But the echo of his own words was all he heard in response. He lay quite motionless and still for some time after that, thinking about all the voice had said to him, and when finally he pushed his hat back from before his eyes, he saw the starlit sky smiling down upon him benignantly. And then, from behind a dark cloud he saw the radiant moon appear, and it seemed to him like the most beautiful woman's face he could imagine, peering out from the shadow of her own dusky hair to welcome the night.
He got upon his feet as well as he could, for he was very stiff with lying so long, and stumbled on toward some dark nook or cranny where he could huddle unseen until the morning; his head full of plans for the morrow, and his heart beating high with courage and hope.
He would dream no more, but labor. He would work at the first thing that came to hand, and then, perhaps, that wonderful thing which the voice had called inspiration would come to him, and he would be able to mount to heaven on it and bring down to earth some of the glorious things he saw. He thought inspiration must be some sort of a magical ladder, that was invisible to all but those given special sight to see and power to use it. If he ever caught a glimpse of it he intended to take hold at once and climb straight up to the blessed regions above; and dreaming of all he would see there, he fell asleep.
In the morning he was awake bright and early, and stretching himself with a long-drawn yawn, set out to find some way of procuring for himself a breakfast. First at one shop-door and then at another he stopped, popping in his shaggy head and asking the man inside, "Give me a job, Mister?" and being in reply promptly invited to "clear out!"
But it took more than this to discourage Larry, heartened as he was by the remembrance of his visions of the day before; and on and on he went, until, at last, in answer to his question—and just as he was about to withdraw his head from the door of the express-office into which he had popped it a moment before—he was bidden to say what it was he could do. Almost too surprised at the change in greeting to be able to reply, he stumbled back into the place and stood a moment in rather stupid silence before his questioner.

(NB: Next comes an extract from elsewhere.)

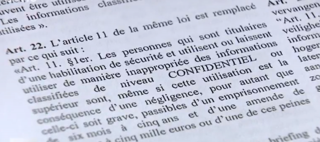 Début mai 2019, le conseil des ministres approuvait en première lecture un avant-projet de loi porté par le cabinet du Ministre de la Défense et des Affaires Étrangères. Cet avant-projet vise à renforcer la protection des informations classifiée en la rendant conforme aux obligations internationales de la Belgique, avec notamment un quatrième niveau de classification. En plus de « très secret », « secret » et « confidentiel », la mention « restreint » doit voir le jour. Le texte contient également un article qui stipule « la possibilité que les personnes qui ne sont pas titulaires d’une habilitation de sécurité et qui utilisent des informations classifiées sont passibles d’un emprisonnement d’un mois à trois ans et d’une amende de cent euros à cinq mille euros. » Le conseil d’état, dans un avis remis en juin, estime que la formulation très large d’un tel article permettrait de poursuivre les journalistes et les lanceurs d’alerte qui révèlent des secrets d’état. L’avant-projet devra encore passer en seconde lecture au conseil des ministres puis au parlement.

"Well, ain't yer got no tongue in yer head, young feller? Seemed ter have a minute ago. Ef yer can't speak up no better 'n this, yer ain't the boy fer us."

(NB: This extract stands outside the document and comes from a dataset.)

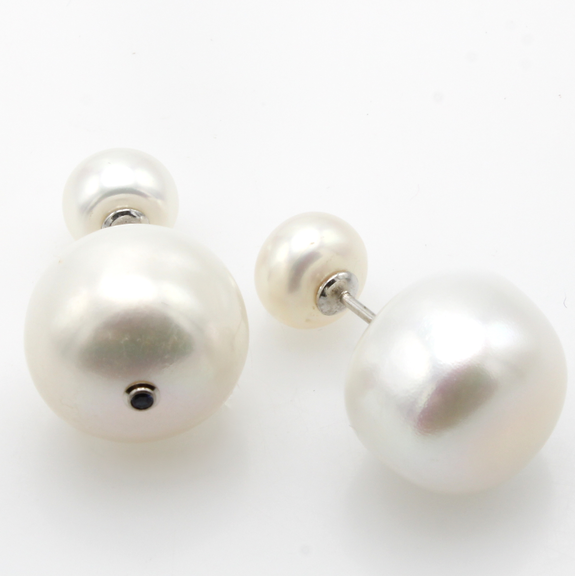 Paar Ohrstecker mit Süßwasserzuchtperlen "double face", 925er Silber, z.T. rhod., weiße, buttonf. Perlen, D. ca. 13-14 u. 7-8 mm

But by this time Larry had recovered himself sufficiently to blurt out: "I kin lift an' haul an' run errants an' do all sorts o' work about the place. Won't ye try me, Mister? Lemme carry out that box ter show ye how strong I am;" and suiting the action to the words, he shouldered a heavy packing-case and was out upon the sidewalk and depositing it upon a wagon, already piled with trunks and luggage, before the man had time to reply.

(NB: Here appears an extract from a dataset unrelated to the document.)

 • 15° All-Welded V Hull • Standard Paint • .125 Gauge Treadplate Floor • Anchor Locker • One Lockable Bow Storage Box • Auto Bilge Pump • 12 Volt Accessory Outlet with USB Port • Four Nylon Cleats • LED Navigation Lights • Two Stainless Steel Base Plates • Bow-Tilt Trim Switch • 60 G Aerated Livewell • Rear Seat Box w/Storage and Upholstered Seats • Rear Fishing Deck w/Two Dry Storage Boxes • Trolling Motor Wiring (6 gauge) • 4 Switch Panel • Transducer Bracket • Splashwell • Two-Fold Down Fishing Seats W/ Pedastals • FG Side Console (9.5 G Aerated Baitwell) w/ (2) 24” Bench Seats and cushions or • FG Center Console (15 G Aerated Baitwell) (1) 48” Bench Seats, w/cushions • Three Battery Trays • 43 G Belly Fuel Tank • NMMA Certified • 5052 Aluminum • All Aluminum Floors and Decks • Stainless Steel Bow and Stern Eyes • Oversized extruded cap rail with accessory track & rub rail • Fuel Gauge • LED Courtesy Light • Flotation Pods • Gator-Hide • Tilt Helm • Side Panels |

When he returned to the door-step he was greeted with the grateful intelligence that he might stay a bit and see how he got along as an errand-boy if he liked; and, of course, liking, he started in at once upon his new office.
That was the beginning. It gave him occupation and, food, but scarcely more than that at first. He had no time for dreaming now, but often when he had a brief moment to himself would take out of his pocket the piece of chalk with which he marked the trunks he carried, and sketch with it upon some rough box-lid or other the picture of a face or form which he saw in his fancy; so that after a time he was known among the men as "the artist feller," and grew to have quite a little reputation among them.
How the rest came about even Larry himself found it hard to tell. But by and by he was drawing with pencil and pen, and selling his sketches for what he could get, buying now a brush and then some paints with the scanty proceeds, and working upon his bits of canvas with all the ardor of a Raphael himself.